Beleg van Suffolk

Uit Wikipedia, de vrije encyclopedie
Beleg van Suffolk
Onderdeel van de Amerikaanse Burgeroorlog
Datum 11 april-4 mei 1863
Locatie Suffolk Virginia
Resultaat onbeslist
Strijdende partijen
Vlag van Verenigde Staten (1861-1863)
Verenigde Staten

Geconfedereerde Staten
Leiders en commandanten
John J. Peck James Longstreet
Troepensterkte
20.000 25.000
Verliezen
44 gedood
202 gewond
14 vermist
500 gedood of gewond
400 gevangen
Longstreets operaties in oostelijk Virginia

Fort Anderson · Washington · Norfleet House · Hill's Point · Suffolk

Het Beleg van Suffolk vond plaats tussen 11 april en 4 mei 1863 tijdens de Amerikaanse Burgeroorlog.

Achtergrond[bewerken | brontekst bewerken]

Op 25 februari nam luitenant-generaal James Longstreet het bevel op zich van het Department of Virginia and North Carolina. Hij kreeg vier doelstellingen. Ten eerste moest hij Richmond verdedigen. Ten tweede diende hij indien nodig ondersteuning te verlenen aan het Army of Northern Virginia van generaal Robert E. Lee. Ten derde moest hij de nodige voorraden bij elkaar zien te krijgen om de Zuidelijke legers te bevoorraden en zijn vierde doel was de inname van het Noordelijke garnizoen in Suffolk. Om deze taken te volbrengen had Longstreet de beschikking over drie divisies.

Verdedigingswerken van Suffolk[bewerken | brontekst bewerken]

Het garnizoen van Suffolk werd aangevoerd door generaal-majoor John J. Peck. Het bestond uit één divisie van het VII Corps onder leiding van brigadegeneraal Michael Corcoran. Toen Longstreet naderde werd een tweede divisie uitgeleend aan Suffolk van het IX Corps onder leiding van George W. Getty en een derde divisie van Washington. Peck kreeg ondersteuning van twee flottieljes van vice-admiraal Samuel P. Lee. Peck organiseerde de verdediging van de stad in een grote cirkelvormige structuur. Het zuidwestelijk deel werd aangevoerd door kolonel Robert Sanford Foster, het zuidoostelijke front door brigadegeneraal Charles C. Dodge, het noordwestelijke front door brigadegeneraal Henry D. Terry en het noordoostelijk front door kolonel Arthur H. Dutton. Corcoran had het algemeen bevel over het zuiden en Getty over het noorden. De rivier werd beschermd door de marine. Ten oosten van de stad lagen de Great Dismal moerassen. De westelijke flank werd beschermd door de Nansemond-rivier. De twee flottieljes werden aangevoerd door luitenant Roswell Lamson en luitenant William B. Cushing.

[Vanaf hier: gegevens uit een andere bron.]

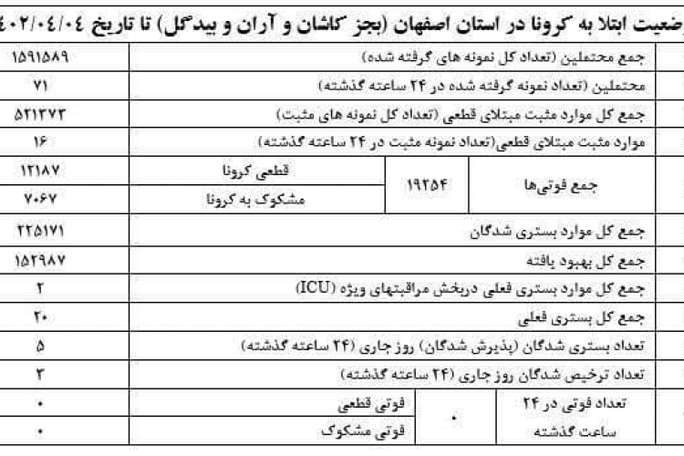 آمار وضعیت ابتلا به کرونا در استان اصفهان ( بجز کاشان و آران و بیدگل) تا روز یکشنبه مورخ ۱۴۰۲٫۰۴٫۰۴
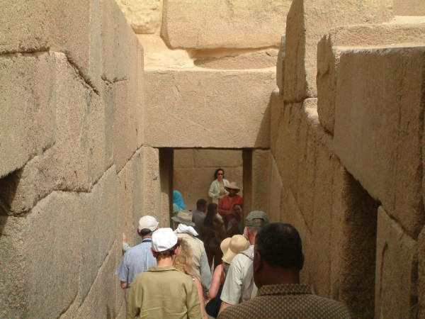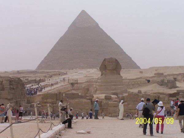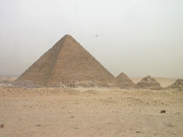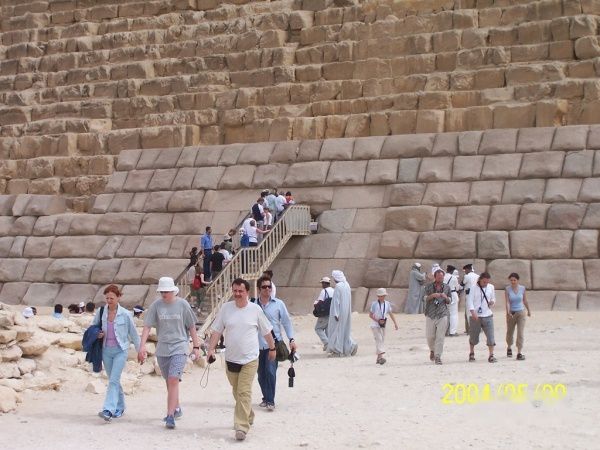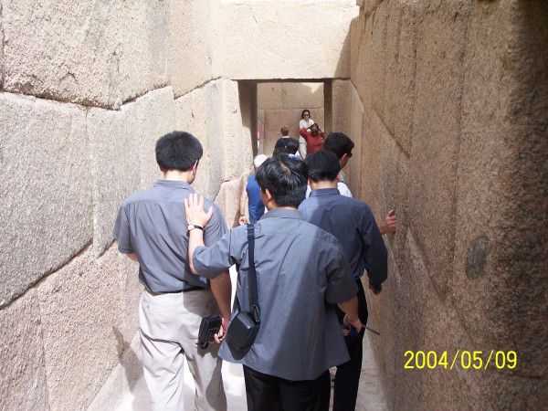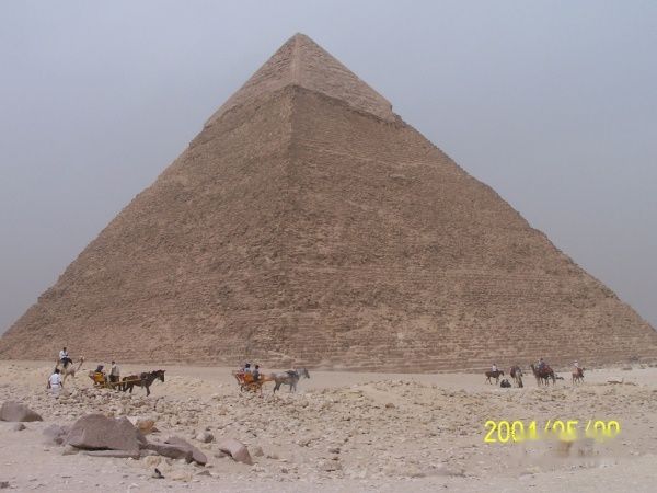 我后面可以看到金字塔的入口,入口处有一巨大鼓风机向里面吹风(把外面几十度的热空气吹进去),入口里面好臭,洞口约一米高一米宽的正方形,一个个排着队向下走,一旦进去半途想出来可不行,我这个身型你就想象吧,折叠后还得跪着才行,估计有200-300级台阶,没几步已经憋得喘不过气脸通红心狂跳(相对象的时候也没这样)再向下走就感到缺氧头晕眼花,正后悔不行的时候,突然出现一个挺大的空间,直起身板来那个舒服啊(终于明白为什么猿人拼命要站起来),打量四下,原来这是个石头门闸所在地,在头顶不远处悬着一块巨大(水果刀叫小刀菜刀叫中刀西瓜刀叫大刀相比下铡刀就是巨大了)的石板,两端用木楔子和粗木顶着,接着向下在还没失去知觉前到达了终点,法老的墓室,里面象套房一样,几个间儿,空的但味道还在-臭,走梯终造成的气喘因缺氧没有缓解的迹象,耐心各个间儿看了一遍(不让照相)迅速返回地面,出来后人就快不行了,倒在车上好半天起不来(真不行,难受,有心脏病高血压的估计会出事)。

Het beleg[bewerken | brontekst bewerken]

Op 11 april naderden Longstreets eenheden Suffolk. Ze staken de Nansemond over en veroverden verschillende voorposten en joegen een cavalerieregiment op de vlucht. De Noordelijke linies waren echter te sterk om aan te vallen. Daarom besliste brigadegeneraal Micah Jenkins om zich in te graven op de westelijke oever van de rivier.

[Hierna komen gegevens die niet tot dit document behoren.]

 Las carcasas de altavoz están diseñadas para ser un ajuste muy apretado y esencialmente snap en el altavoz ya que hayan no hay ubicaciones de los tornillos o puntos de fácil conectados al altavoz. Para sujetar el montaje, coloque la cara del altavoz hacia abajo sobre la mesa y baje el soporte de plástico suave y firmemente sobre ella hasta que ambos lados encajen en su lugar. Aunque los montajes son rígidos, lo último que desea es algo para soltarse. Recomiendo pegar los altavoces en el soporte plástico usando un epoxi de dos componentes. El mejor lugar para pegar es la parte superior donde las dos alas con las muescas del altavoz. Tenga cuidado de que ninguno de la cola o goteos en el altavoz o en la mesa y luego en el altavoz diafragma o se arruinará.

Peck liet de verdediging van de rivier in handen van de marine en verplaatste de meeste van zijn infanterie naar het zuidelijke front. Longstreet zou inderdaad de aanval openen in het zuidelijke deel. Picketts divisie viel de linies aan van Foster en Dodge. Daaruit bleek al snel dat de Noordelijk linie te sterk was voor een frontale aanval. De volgende dag deed Foster een uitval en veroverde een groot deel van zijn voorposten terug. De volgende dagen werden de linies van Corcoran getest op zwakke plaatsen. Pickett stuurde verkenners door de moerassen om een eventuele doorgang te vinden. Ook dit bracht niets op. Longstreet besefte dat hij via het zuiden de stad niet zou kunnen innemen. Zowel Peck als Longstreet richtten hun aandacht op het noordelijke front. De divisie van generaal-majoor John Bell Hood nam stellingen in langs de westelijke oever van de rivier. In de slagen bij Norfleet House en Hill's Point probeerden beide partijen de vijand te slim af te zijn. Toen ook daar geen beslissing viel, hield Longstreet zich bezig met het plunderen van de regio om genoeg voorraden naar Lee te sturen.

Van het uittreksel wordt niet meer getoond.